India Shining was some sort of a boastful campaign. It was a flop. There was no substance to it. The Story of India is backed by solid facts and statistics. The point is all media, including your kind of media, tend to slot things according to their personal predilections. So you put these campaigns in the same breath. It’s not. One was a campaign that was launched (India Shining) in anticipation of a mid-term election, which there was. NDA never completed its term. It was meant to influence the thinking of people, voters in the knowledge that they were going to call elections early.

As far as The Story of India is concerned, it is an attempt to tell people that it is not all scams, and actually not scams but allegations of scams. In India, everybody jumps to conclusions. Even these three cricketers are innocent until proven guilty, in the court of law. Given these allegations of scams, they are given manufactured outrage especially on the television channels. The government seems to believe that there is a lot of noise and we need to cut through that noise to tell The Story of India.

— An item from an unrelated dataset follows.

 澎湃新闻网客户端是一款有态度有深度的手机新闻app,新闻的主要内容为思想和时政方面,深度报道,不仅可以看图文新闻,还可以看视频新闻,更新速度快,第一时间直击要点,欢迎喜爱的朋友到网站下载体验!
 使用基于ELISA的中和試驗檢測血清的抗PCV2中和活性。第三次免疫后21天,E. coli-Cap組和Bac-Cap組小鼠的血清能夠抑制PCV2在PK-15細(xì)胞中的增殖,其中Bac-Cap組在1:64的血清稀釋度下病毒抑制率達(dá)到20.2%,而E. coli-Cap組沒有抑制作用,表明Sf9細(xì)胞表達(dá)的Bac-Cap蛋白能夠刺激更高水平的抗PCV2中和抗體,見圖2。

The story as it is told is that the rural employment guarantee scheme, which media has always seen as a job scheme – it actually isn’t. They are actually building some infrastructure in the rural areas and actually it’s a rural poverty alleviation scheme rather than a job scheme, which is how the media has portrayed it. I think it talks about the telecom revolution from 2004-2013, I think there is a whole series of ads with focus on higher education, and there is series of ads that focus on enrolment in primary and secondary sectors, of education that is at an all-time high, there is a series focused on agriculture. We are going to be breaking all records of wheat and rice production this year. Not to mention things like oilseeds, where increases have been upto 86-88 percent, and these are the value-added crops. The government is trying to tell the story that not only are we trying to grow rice and wheat, but that their strategy was to encourage farmers to grow value-added crops and how yields have grown dramatically.

This is the kind of story that the government seeks to tell, because the media would not have it. They want to know who raped whom, and who stole from whom, and all random stuff. And I think that is the focus of this whole advertising campaign. It’s not comparable to India Shining at all because this government will have elections when they fall due.

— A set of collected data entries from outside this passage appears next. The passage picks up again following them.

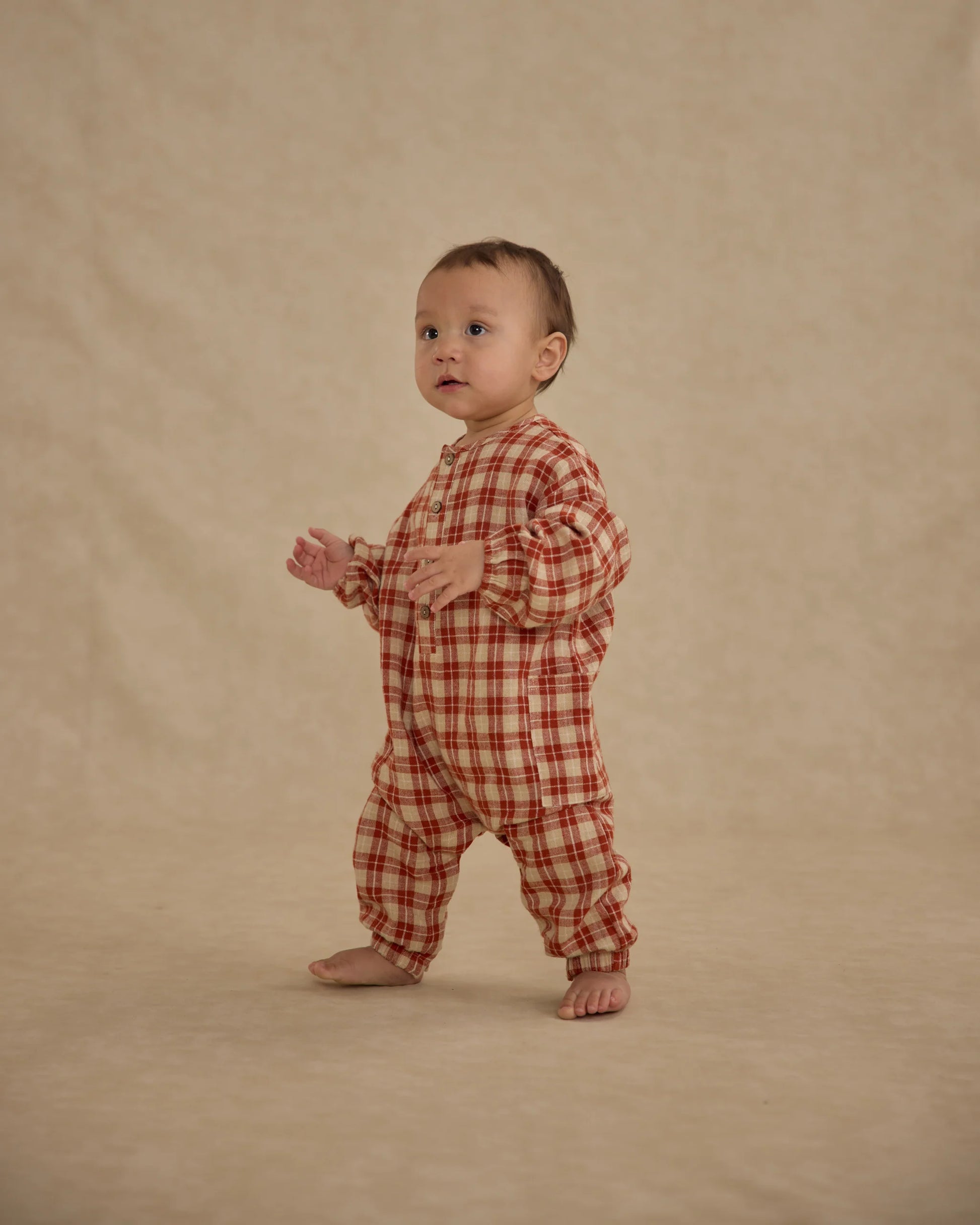 Our corduroy jumpsuit features coconut buttons at the center front and snaps along the inseam to create a bubble-like silhouette. It also has pockets at the side seams.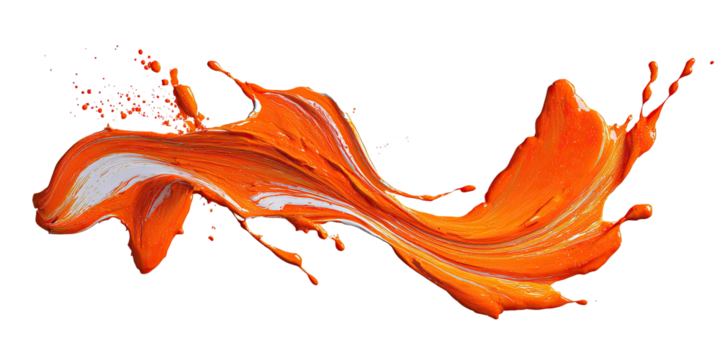 Vibrant orange liquid splash frozen in dynamic motion, forming an abstract fluid shape, perfectly isolated on a transparent background, ideal for energetic graphic designs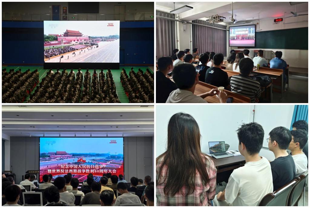 tyc7111cc太阳成集团组织全院教职工、研究生、本科生于北校区风雨操场、弘毅大厦未来大师堂和南校区b536教室集中收听收看纪念大会。学院2025级全体研究生新生和本科生新生,研究生、本科生高年级学生代表分别在各个会场全程参与,其他学生自发通过多种形式收看。tyc7111cc太阳成集团副院长汤颖颖、学生事务部主任刘志兴、院团委书记曾晓阳、院研究生教务老师石行、本科新生辅导员范荣欣在各个会场与学生一同观看。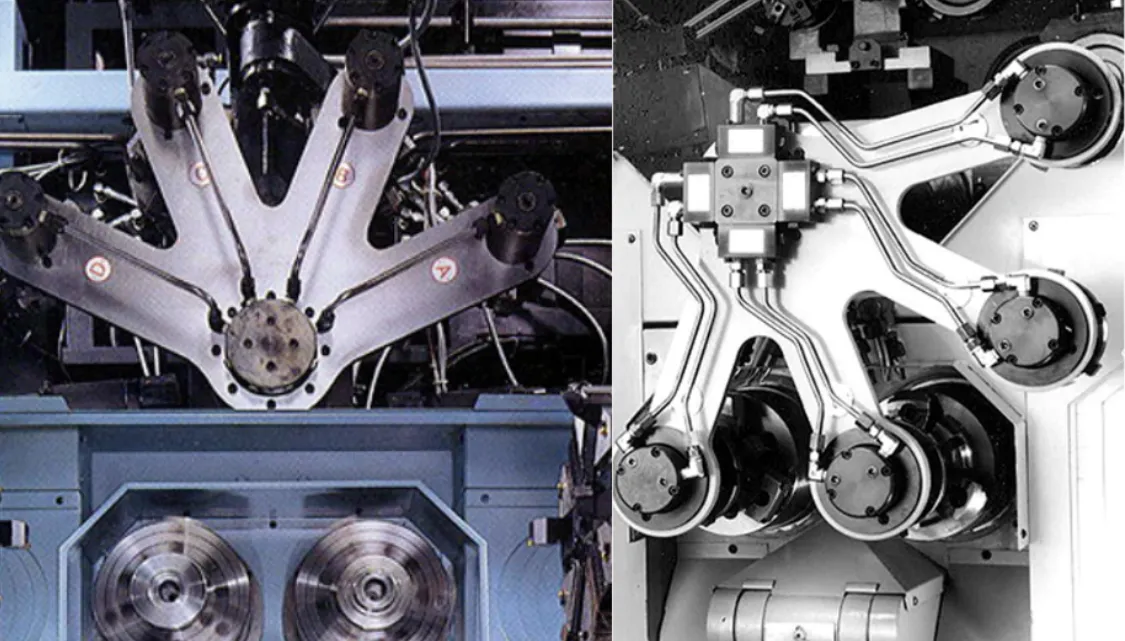 旋回式ローダ以外では、アームが前後左右の2軸で動くローダもありましたが、加工ロットごとに調整が必要である点は変わりませんでした。打開策を探る中で、アイデアマンとして知られていた当時の部長が、自宅の座敷で寝転びながら天井の升目を眺めていたときに、

Shashi Shekhar, Chief Digital Officer, Niti Digital

We need to draw a distinction between a campaign funded privately and a campaign funded by the government at the taxpayer’s expense. We also need to draw a distinction between “direct impact” on voters and “indirect impact” on influencers. As the Radia Tapes had revealed, a sizeable ad-spend budget can be used as leverage to exercise influence on media houses. In the present context, I would consider that more than the “direct impact” of Bharat Nirman ads on voters we need to pay more attention to the “indirect impact” resulting from the leverage the party in power is able to exercise on media houses through this sizeable “ad-spend” by the government.

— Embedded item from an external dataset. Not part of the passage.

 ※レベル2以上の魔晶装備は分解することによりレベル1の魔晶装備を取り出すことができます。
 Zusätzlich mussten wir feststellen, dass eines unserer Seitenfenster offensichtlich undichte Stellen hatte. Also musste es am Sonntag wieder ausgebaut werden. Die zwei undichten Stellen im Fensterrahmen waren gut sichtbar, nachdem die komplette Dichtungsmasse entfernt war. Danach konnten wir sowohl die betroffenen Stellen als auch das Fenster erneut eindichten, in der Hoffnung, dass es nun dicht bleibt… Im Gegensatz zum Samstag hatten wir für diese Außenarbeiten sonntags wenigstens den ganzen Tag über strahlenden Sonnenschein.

As far as “direct impact” goes I don’t believe it will be substantial as the Bharat Nirman ads are currently not targeted. As an example running a quarter-page ad in English in major English newspapers on NREGA will not fetch any incremental votes from the demographic segment to which NREGA is intended. To your question on “nationalism” and “patriotism” I think Bharat Nirman or India Shining has a zero impact on fostering either sentiment for the same reason as above – lack of targeting. The same, however, cannot be said of campaigns run by some state governments which tend to have a narrower focus and hence better targeting.

On the whole we need to move away from the direction of spending taxpayer money on what is barely concealed propaganda by the party in power. This tendency to spend taxpayer money on propaganda seems to have originated during the Indira Gandhi regime in the Emergency years. It is shame that it has become an institutionalized practice irrespective of the party in power.